The Warren Buffet Investing Strategy
Even those who are not very familiar with the world of the
stock market have probably heard of Warren Buffet. He has been
called the most successful investor of all time. He netted over
$42 billion personally with an investment partnership he
started with only $100.
While he has been sometimes categorized as a “value stock
investor” his method was actually a bit different. He focused
on the quality of stock as well as the value. Robert Hagstrom,
a senior vice president with Legg Mason Capital Management,
presented Buffet’s method in the book “The Warren Buffet
Method” over 10 years ago. Hagstrom wrote the book because he
believed that the average investor could learn from Buffet’s
method.
Buffet’s incredible story begins with a small investment
partnership established in 1956. In the mid-1960s, this
partnership acquired a failing textile company. Buffet was able
to bring this company’s net worth from $22 million to $69
billion.
The Buffet method is broken down into 12 tenants that form
the basis for evaluating any investment, from stocks to entire
companies. One of the key points in the method is that it is
necessary to do some hard work (like research and projections)

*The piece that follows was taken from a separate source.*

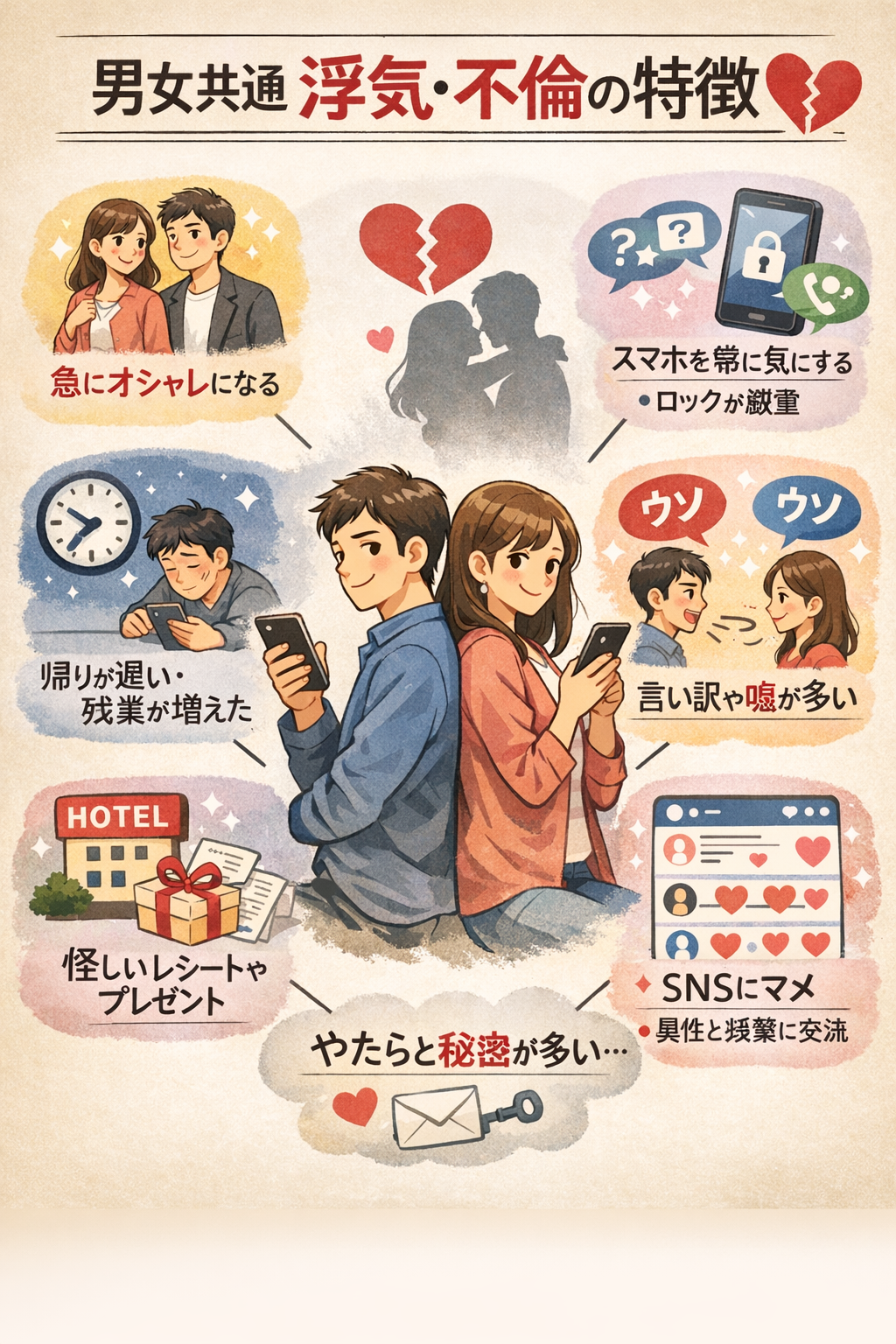 ここでは、探偵が調査の中で感じる「浮気する男女の共通特徴ランキングTOP10」を、具体的な理由やよくある行動例とともに詳しく解説します。

in order to know the investments thoroughly before any money
exchanges hands.
The twelve tenets are really questions to ask yourself
before making an investment. According to Buffet via Hagstrom,
the first consideration is “Is this business simple and
understandable?” Buffet did not invest in any technology stocks
for the simple reason that he did not understand them. If you
understand the business you are investing in (or outright
purchasing) you will be in position to see the problems and
possibilities as they arise. Secondly, ask yourself “Does the
company have a consistent operating history?” Viewing the
viability of the business in its previous operation can
forecast future trends.
The third tenant is “Does the business have favorable
long-term prospects?” This question is a gentle reminder that
wise investors hold stock in good companies for the long term.
Looking to the future of the companies reveals the true value
of the investment.
Next, “Is the management rational?” Buffet places a great
deal of importance on evaluating the management of the company.
He pays attention to how the excess profits of a company are
used. Additionally, he asks “Is the management candid with
shareholders?” He believes that many company executives hide
behind the company and do not fully disclose information to
their shareholders. A manager who readily admits any mistakes
made is more honorable and trustworthy. Following the theme of
management related questions is “Does the management resist the
institutional imperative?” Essentially this question evaluates
the manager’s ability to act with character rather than cave-in
to the peer pressure to do what other managers are doing.
The next question for evaluation is “What is the return on
equity?” Buffet focuses on return on equity rather than the
more popular ratios. This is because he feels earnings figures
can be manipulated. The long term return on equity will have a
more powerful effect than simple earnings.
The 8th tenant is “What are the company’s owner earnings?”
His calculations of owner’s earnings include estimates of
future capital expenditures. The 9th tenant is “What are the
profit margins?” If a company makes sales but does not profit,
then the company is a failure. Buffet avoids companies with
large expenses because in his eyes it reflects a lack of
discipline in the management of the company.
The 10th tenant is “Has the company created at least one
dollar of market value for every dollar retained?” This is a
test of correct capital allocation. If the company is holding
onto cash but is not helping its shareholders than something is
wrong with the management strategy.
The final two questions are “What is the value of the
company?” and “Can it be purchased at a significant discount to
its value?” Buffet calculates the value of a company as the
total of the net cash flow expected to occur in the life of the
business. By buying at discount, an investor will assure that
any discrepancies in his calculations will be covered.